Today the Unicode consortium announces Unicode Emoji, Version 4.0, which brings 113 new emoji along with further enhancing gender representation and professions. These new emoji are already appearing on smart phones and other devices and platforms that support emoji. See the full list in Emoji Recently Added.
The new emoji will soon be available for adoption, helping fund projects to improve language support.
Unlike the 72 emoji characters added to Unicode 9.0 in June, these are not new Unicode characters. Most of these new emoji are sequences of existing emoji, “glued together” with a special invisible character so that they appear and behave like a single character. This glue character is called a ZWJ, pronounced “zwidge” or /zwɪdʒ/. Three existing Unicode 9.0 characters (gender and medical symbols) were changed to qualify as emoji, for use in those ZWJ sequences.
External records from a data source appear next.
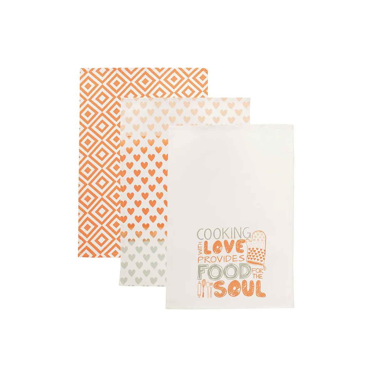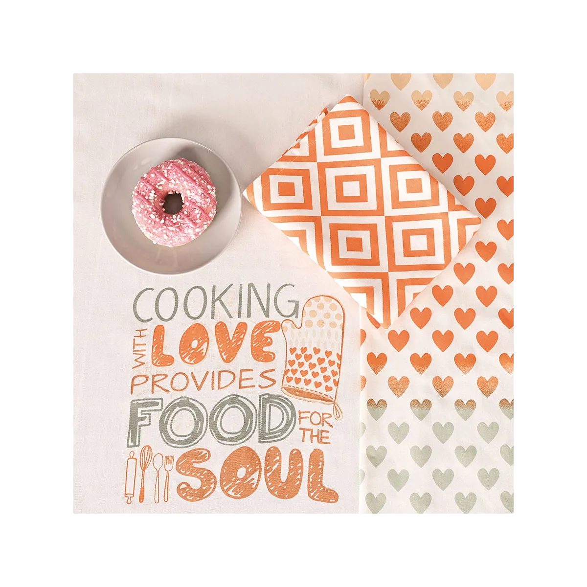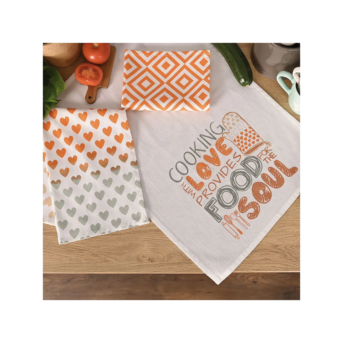 Komplet 3 ścierek kuchennych LOVE FOR SOUL 40x60 cm – 100% bawełna, modne wzory w odcieniach pomarańczu i szarości. Doskonała chłonność i trwałość. Idealne do każdej kuchni, łatwe w pielęgnacji – dekoracyjne i praktyczne akcesorium do Twojego domu!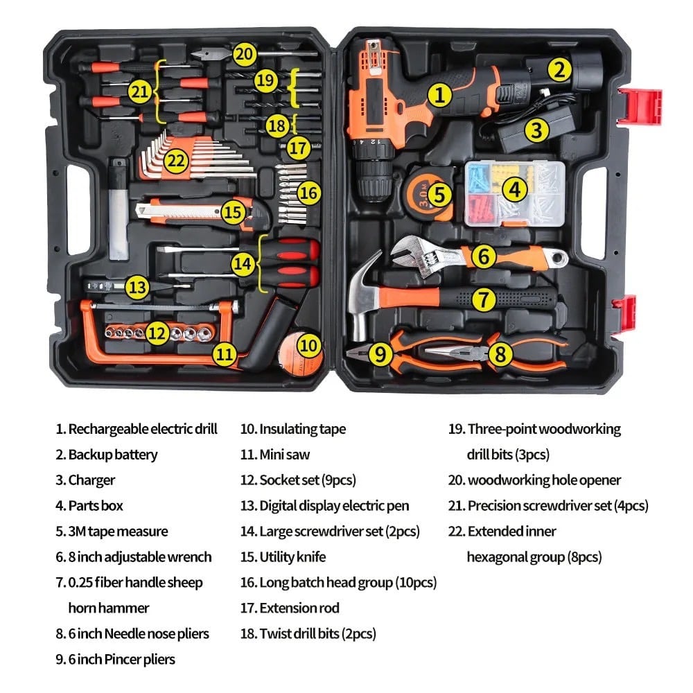 - شنطة معدات متكاملة مجموعة دريل وادوات يدوية متعددة الاستخدامات في المنزل والمكتب مكون من 55 قطعة من دينكس لون أصفر173.04
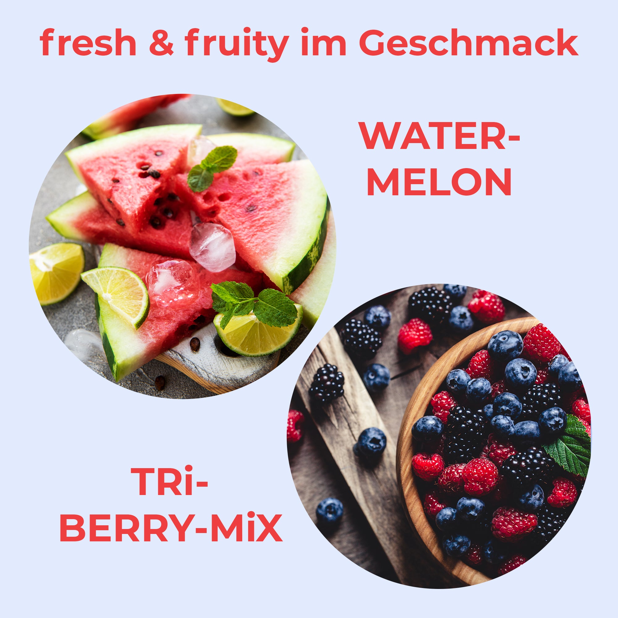 Geschmack: Erfrischende Wassermelone und fruchtiger Beeren-Mix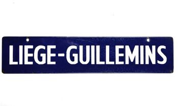BeschrijvingBlauw bord met witte letters. Werd aan een treinaankondiger gehangen om treinen richting Luik-Guillemins aan te kondigen.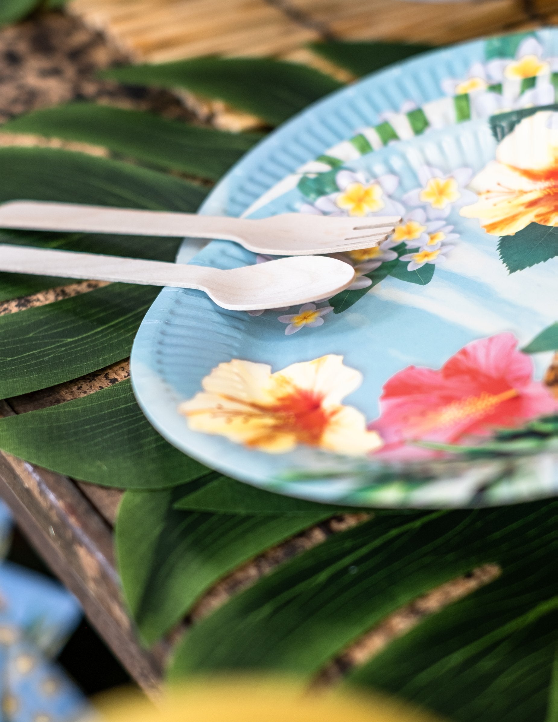 Acest lot este alcătuit din 18 tacâmuri de lemn crude: 6 furci, 6 linguri și 6 cuțite. Au 16 cm înălțime. Aceste tacâmuri vor fi perfecte pentru o masă naturală în timpul unei petreceri de naștere sau pentru o masă de nuntă frumoasă.
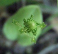 Lovell Hollow, Olin's gorgeous, 25 acre piece of woodland in northwest Arkansas where he makes his home, boasts native species ranging from the diminutive Green Adder's Mouth Orchid, Malaxis unifolia, shown at left, to the Large Yellow Lady's Slipper, Cypripedium parviflorum var. pubescens, shown below.

Two of the new sequences are flags, 10 are family groupings (such as mother with daughter), 32 are new professions/roles (such as man or woman astronaut), and 66 are explicit-gendered variants (such as man or woman running). 99 of these sequences, plus 5 other characters (such as snowboarder), can also now have the 5 skin tone modifiers.
U+1F469 U+200D U+1F467
U+1F468 U+200D U+1F680
U+1F469 U+200D U+1F680
U+1F3C2 U+1F3FB
U+1F3C2 U+1F3FF
The technical documentation has also been updated, with additional guidelines for implementers and the new versions of the emoji data files for use in programs.
Interesting! I’m now trying to get my head around the difference between a zero-width joiner (ZWJ) and a zero-width no-break space (ZWNBS). Likewise for the zero-width non-joiner and the zero-width space.
I’m now trying to get my head around the difference between a zero-width joiner (ZWJ) and a zero-width no-break space (ZWNBS). Likewise for the zero-width non-joiner and the zero-width space.
If you look at the bytes inside a file saved from Microsoft WordPad as a Unicode Text Document, there is a BOM character, that is a ZWNBSP character, at the start of the file so as to show in which order the 8-bit bytes of the 16-bit UTF-16characters are stored, that is whether they are stored as HI LO HI LO HI LO … or LO HI LO HI LO HI … . In fact they are stored as LO HI LO HI LO HI … by WordPad.
Such looking at the bytes inside the file can be carried out using the ViewHex program that Erwin kindly made available in this forum.